For fun. There are a group of divers at the resort who freedive. It’s a sport and a famous champion woman died in the Mediterranean recently. You dive with long fins in a camou dive suit. And there is no tank. And you train. And it is dangerous. And you don’t see much fish. And there’s not much to photograph. Well, to me it is about as sexy as eating broccoli. Yes, they do this for fun. I watched an instructor pour a tea cup of water through his nose to clear his sinuses. That was pretty sexy too – about as much so as a second helping of that broccoli. Remember? I never finished it. Every once in a while we see them frolicking – ok ok – training. It makes for a nice picture. I have a new dive computer. It’s a Suunto – made in Finland. It’s a great computer used by most of the serious divers around here and recommended highly to me. The computer cable to my Mac does not work. The dive watch does not connect. The Finns made a piece of crap cable and software connection that is a complete opaque piece of junk to connect. There, I ranted against this great watch. But what good is it that I paid an extra $100 for the cable and can’t get the benefit? (I hope you see this Suunto company. So far you have not solved my problem.) Anyway the dive watch has settings: Air, freedive, nitrox, and off. You set the watch before your dive. Duh? So one day I messed up. I hit the tiny buttons and the dive watch set itself for freedive. And when I was underwater I was locked in. So for 78 minutes I was underwater on a scuba dive and the watch was calculating a freedive. Oh my! I set a new world record.

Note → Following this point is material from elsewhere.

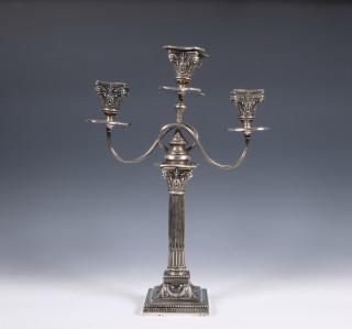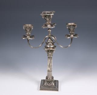 vierkanten basis met Korintische kapiteel op een gecanneleerde zuilvormige stam, de kaarsenhouders verbonden door gebogen armen met idem kapiteelvormige houder, gecontourneerde vetvangers en bobeches, gemerkt 800, mt. onduidelijk,

I’m friends with the instructor who pours tea through his nose. (Don’t ask.) I showed him my watch and he laughed and laughed. These characters take pictures of their dive watches after a successful freedive. He declined a photo of my watch. Not famous enough I guess.
I’m not using macro. And I’m not challenging. He’s not challenging either. The coral hind is a big chicken. Well, he’s a fish that would prefer to flee rather than confront. I trap them periodically under coral. Nowhere to retreat. Or he feels like I can’t pursue. Or, he thinks I can’t see him. Who knows? Anyway, I can occasionally get a good head on shot. Ok, done, been there, done it. Now I got teeth. I know sharks have teeth. So too does this brand of fish. They are not large. Do they fall out and are they replaced by new sharp teeth that will rip your guts out? Ah! And why don’t fish have eyebrows?